Between 2000 and 2010, the decline was much more dramatic. The city lost 185,000 more African-Americans, which Mr. Metzger noted was about 25 percent of the city's population.
Those between the ages of 5 and 9 decreased 47 percent that decade, he said.
"For a city's future, that's a very ominous trend," said Ms. Cockrel, the widow of a prominent African-American politician, Ken Cockrel, Sr.
"When the children leave, what happens?"
Decreased housing prices in the suburbs, coupled with record-low interest rates, encouraged those with enough means to get out, Mr. Metzger said.
"It's not white flight," said Jeff Counts, author of an explorer's guide to the Detroit-Ann Arbor area published in 2011. "It's middle-class flight."
The widening gap between the haves and have-nots raised serious questions about Detroit's future.
"The city I came to know is quite different. But to be fair, the country is different," said Osama Siblani, publisher of the Dearborn-based Arab-American News.
Campbell Ewald's recent announcement that it will move its 600-employee advertising agency from Warren, Mich., into Detroit created a new buzz. Some wonder if Detroit, with its low land prices, could compete against the suburbs for business.
This summer, construction is expected to begin on M-1 Rail, a light rail/streetcar along Woodward Avenue designed to make travel easier between downtown and businesses near Wayne State. The U.S. Department of Transportation announced a $25 million grant for the project in January.

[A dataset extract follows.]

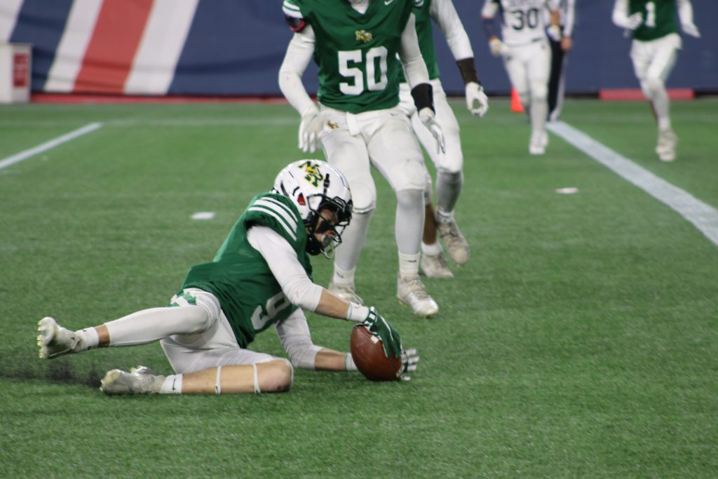 The North Reading faithful, huddled against the cold in the Gillette stands, were rewarded for their patience as the fourth quarter got underway. Starting deep on their own 14, the Hornets began to steadily chip away at the long field ahead. A determined Carucci was accurately slinging short sideline throws, completing a flawless 8-of-8 to Batten, Rubino and McCullough. In interest of clock preservation, the receivers would secure the catch and quickly step out of bounds.

To Mr. Killeen, Detroit's always been a tough town.
It revolutionized the world when Henry Ford invented the assembly line technique of mass automobile production, a symbol of American innovation and a hallmark of the industrial revolution.
It's been at the heart of labor movement struggles, such as when former United Auto Workers President Walter P. Reuther survived beatings and assassination attempts.
It stepped up when America needed factories to produce more armaments for troops during World War II.
"If it wasn't for Detroit, you'd be speaking German today," Mr. Killeen said.
He agrees the city's soul will be its savior.
"There's too much of a lack of belief among residents in this town that you can control your own destiny," Mr. Killeen said.
"But given all of that, I am optimistic. It's a matter of knitting the community back together again."